El autor desmonta también las visiones idealizadas de la CNT como organización popular, inspirada por el antipoliticismo y con un número creciente de seguidores obreros debido al desencanto por la lentitud e ineficacia de las reformas republicanas. «Popular», por supuesto, encarnación esencial del pueblo trabajador, es lo que decían los órganos libertarios que era; pero Casanova observa que el pueblo real estuvo masivamente en la calle celebrando el 14 de abril mientras ellos se reunían para ponerle reservas. Tampoco se trataba de una organización unida, ni de una maquinaria que funcionara de manera ágil, engrasada por la espontaneidad proletaria. Era, por el contrario, un mundo complejo y duro, tan lleno de tendencias en pugna como cualquier otro grupo político. Con la diferencia de que aquí estamos hablando de un sindicato sin fondos, mal gestionado y con la opacidad que produce la ausencia de reglas de juego. Casanova se refiere a las «tenebrosas» relaciones de la familia Urales con la CNT y proporciona duras descripciones de la FAI, la vanguardia elitista y clandestina (nada más lejos a la espontaneidad) que entre 1931 y 1932 se adueñó de los puestos claves dentro de la central sindical. Describe también los mecanismos insurreccionales, tan ensayados en 1932-1933: en ocasiones –raras–, fue la propia dirección confederal la que aprobó llamamientos a huelgas generales en toda España, que casi nadie siguió; en otras, la mayoría, fueron «grupos anarquistas iluminados por visiones catastrofistas» quienes se presentaron en los pueblos y se lanzaron a aventuras que la dirección se veía obligada después a avalar. Luego, con los derrotados en la cárcel, la fuerza de los radicales contra los moderados residía en los comités de presos, que explotaban la mala conciencia de los sindicalistas. En muchos de estos rasgos, el mundo confederal recuerda al del radicalismo abertzale actual.
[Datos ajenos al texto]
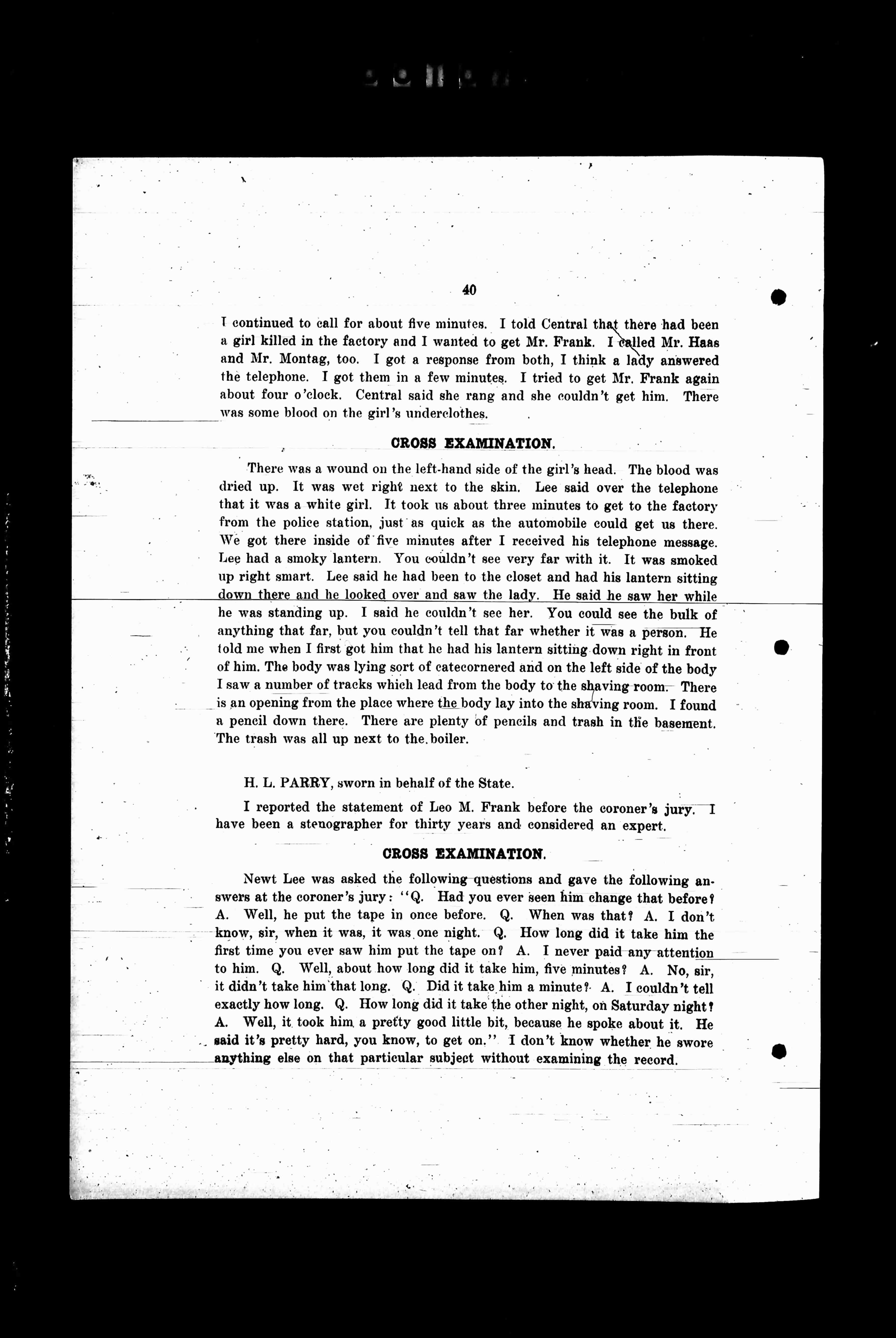 I reported the statement of Lee M. Frank before the coroner's jury. I

Analiza también el libro la evolución en cifras y composición sociológica de aquel sindicalismo, que en buena medida explican diferencias de orientación estratégica. Los obreros industriales cualificados tendían a apoyar a sindicalistas clásicos del estilo de Peiró o Pestaña, pero su peso relativo fue disminuyendo frente al de los albañiles, que alimentaban el radicalismo. En cuanto al supuesto «crecimiento imparable» de la CNT en años republicanos, no fue tal: del despegue espectacular que siguió al 14 de abril se pasó a una caída de unos 300.000 afiliados en 1932-1934. El «Bienio Negro», concluye Casanova, no fue tan negro para la CNT; los negros habían sido los dos años anteriores, justamente los del período insurreccional.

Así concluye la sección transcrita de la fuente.